[Opening Records for this exercise section]

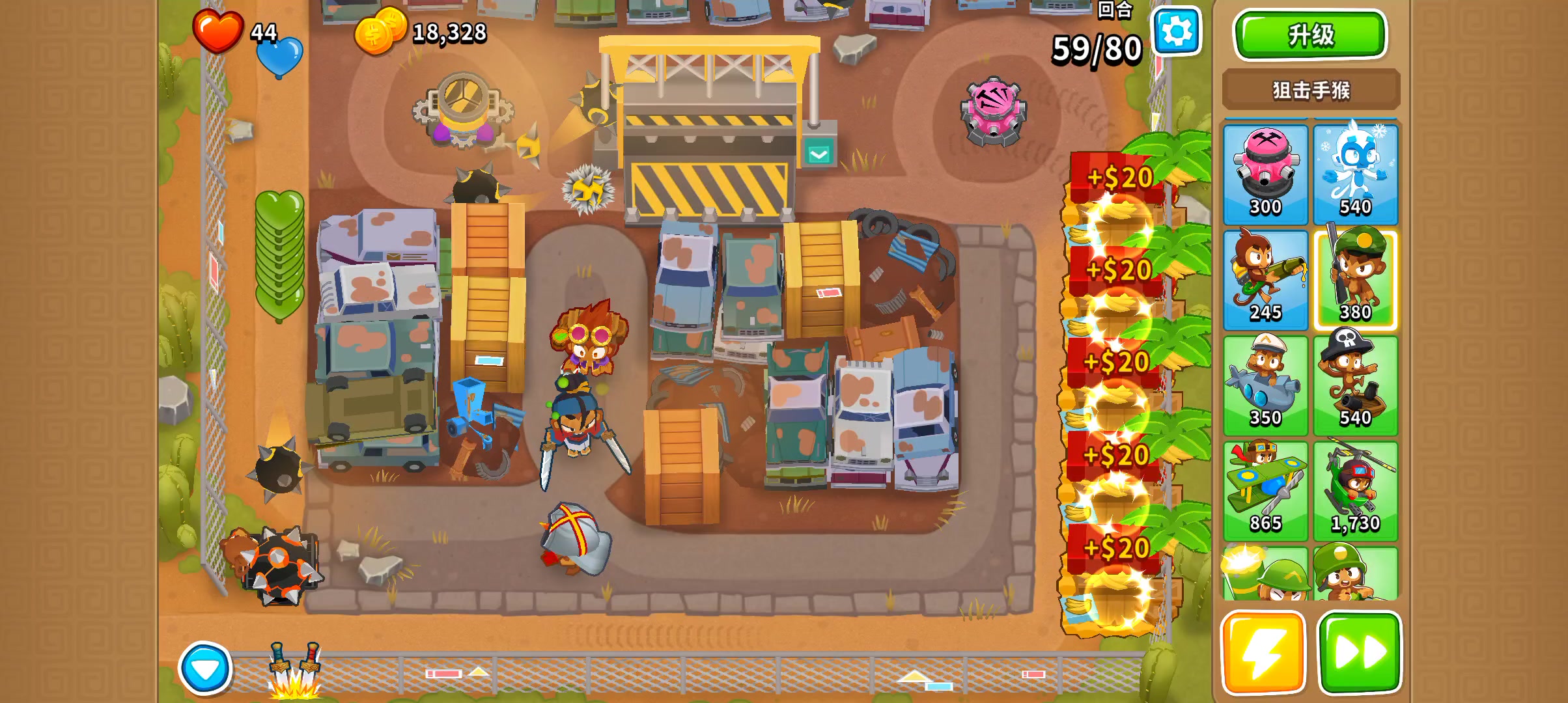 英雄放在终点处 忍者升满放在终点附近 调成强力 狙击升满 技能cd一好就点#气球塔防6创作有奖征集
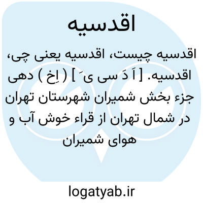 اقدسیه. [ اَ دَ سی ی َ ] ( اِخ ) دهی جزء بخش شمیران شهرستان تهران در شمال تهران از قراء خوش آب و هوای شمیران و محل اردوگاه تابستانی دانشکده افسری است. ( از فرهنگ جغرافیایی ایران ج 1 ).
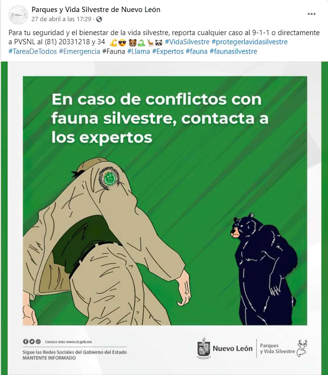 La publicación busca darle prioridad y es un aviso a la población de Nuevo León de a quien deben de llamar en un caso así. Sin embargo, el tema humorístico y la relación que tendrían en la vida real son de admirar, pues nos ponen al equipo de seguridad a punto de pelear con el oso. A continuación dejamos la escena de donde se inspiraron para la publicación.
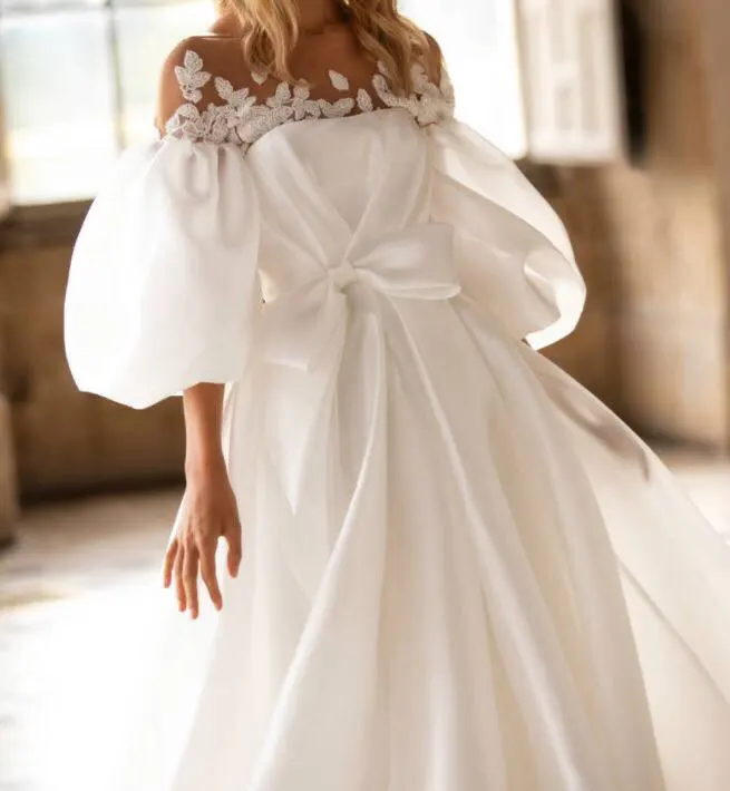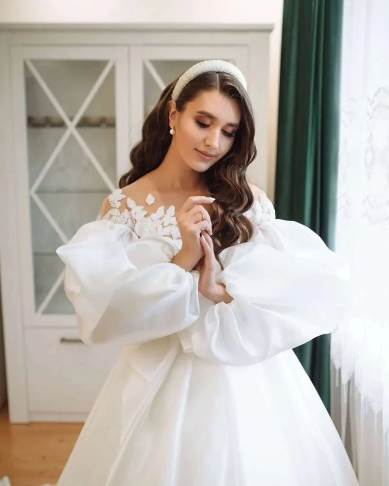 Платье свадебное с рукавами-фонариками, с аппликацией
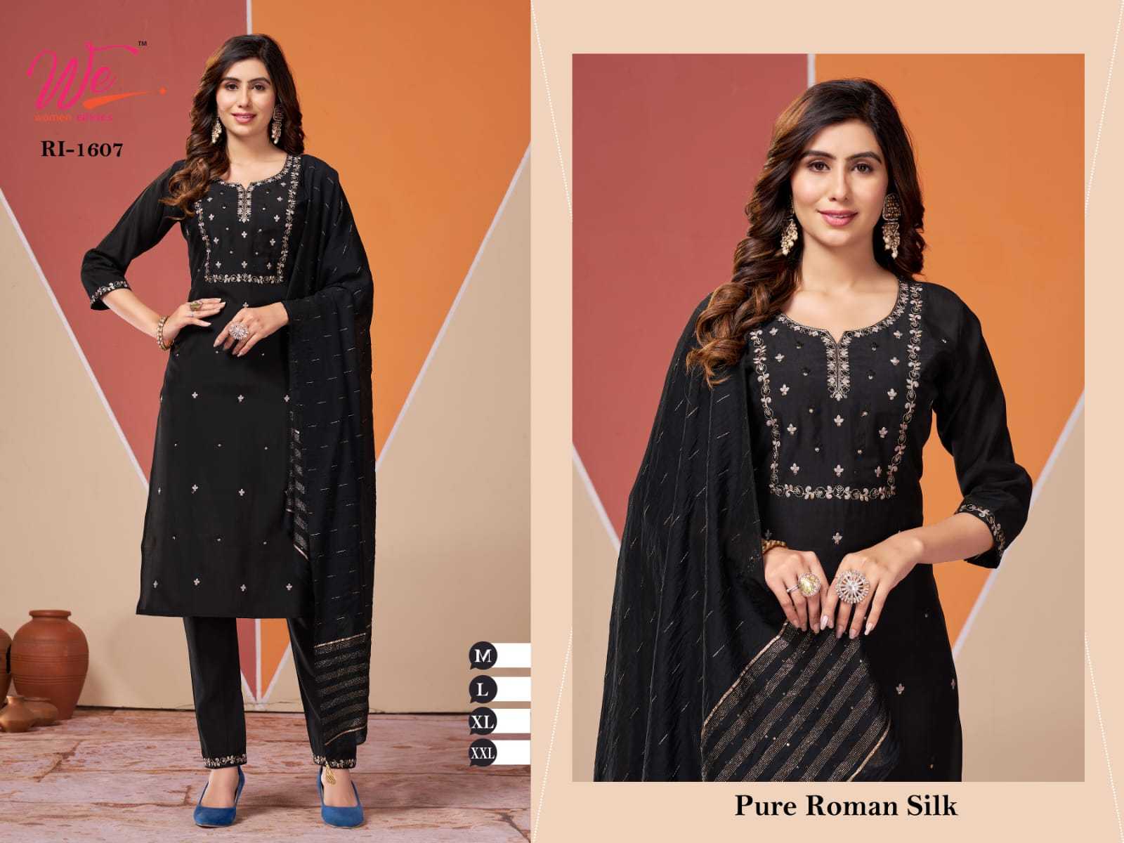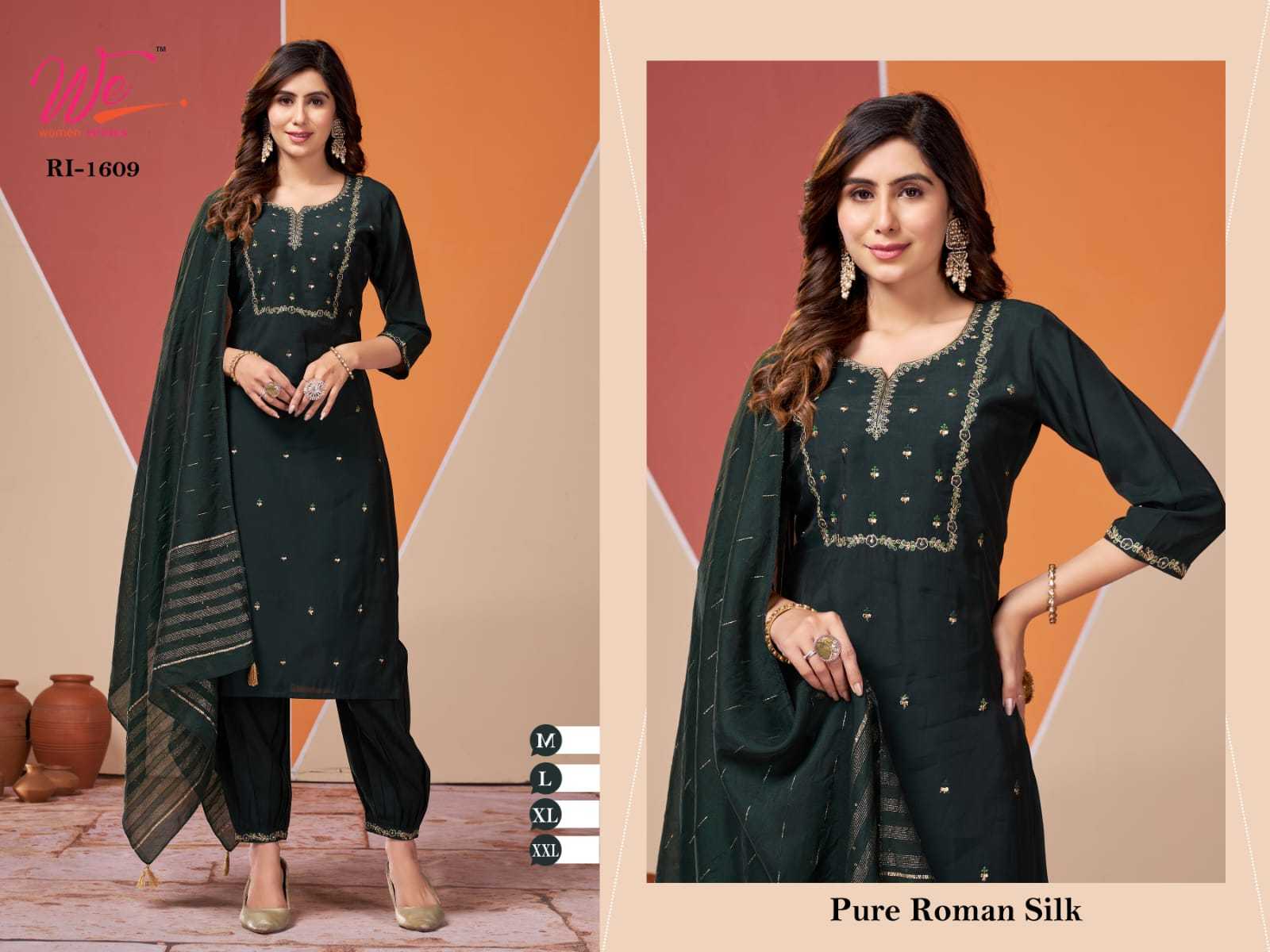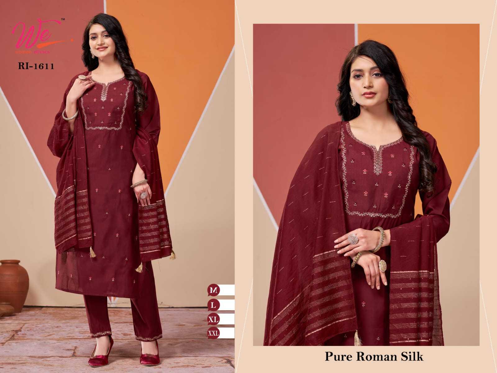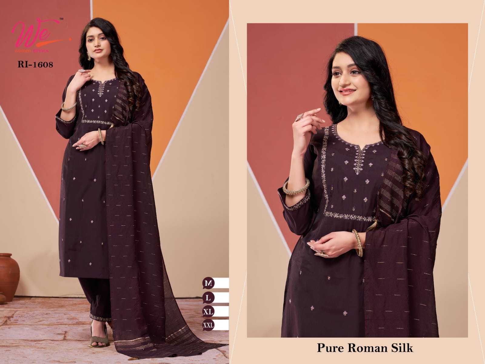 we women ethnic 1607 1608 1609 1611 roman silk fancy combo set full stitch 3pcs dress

[Closing Records for this exercise section]

Work order
Each line from the one that holds "Платье свадебное с" through the final line of the data must be retyped exactly; the pictures must not appear.

Reply
 Платье свадебное с рукавами-фонариками, с аппликацией
 we women ethnic 1607 1608 1609 1611 roman silk fancy combo set full stitch 3pcs dress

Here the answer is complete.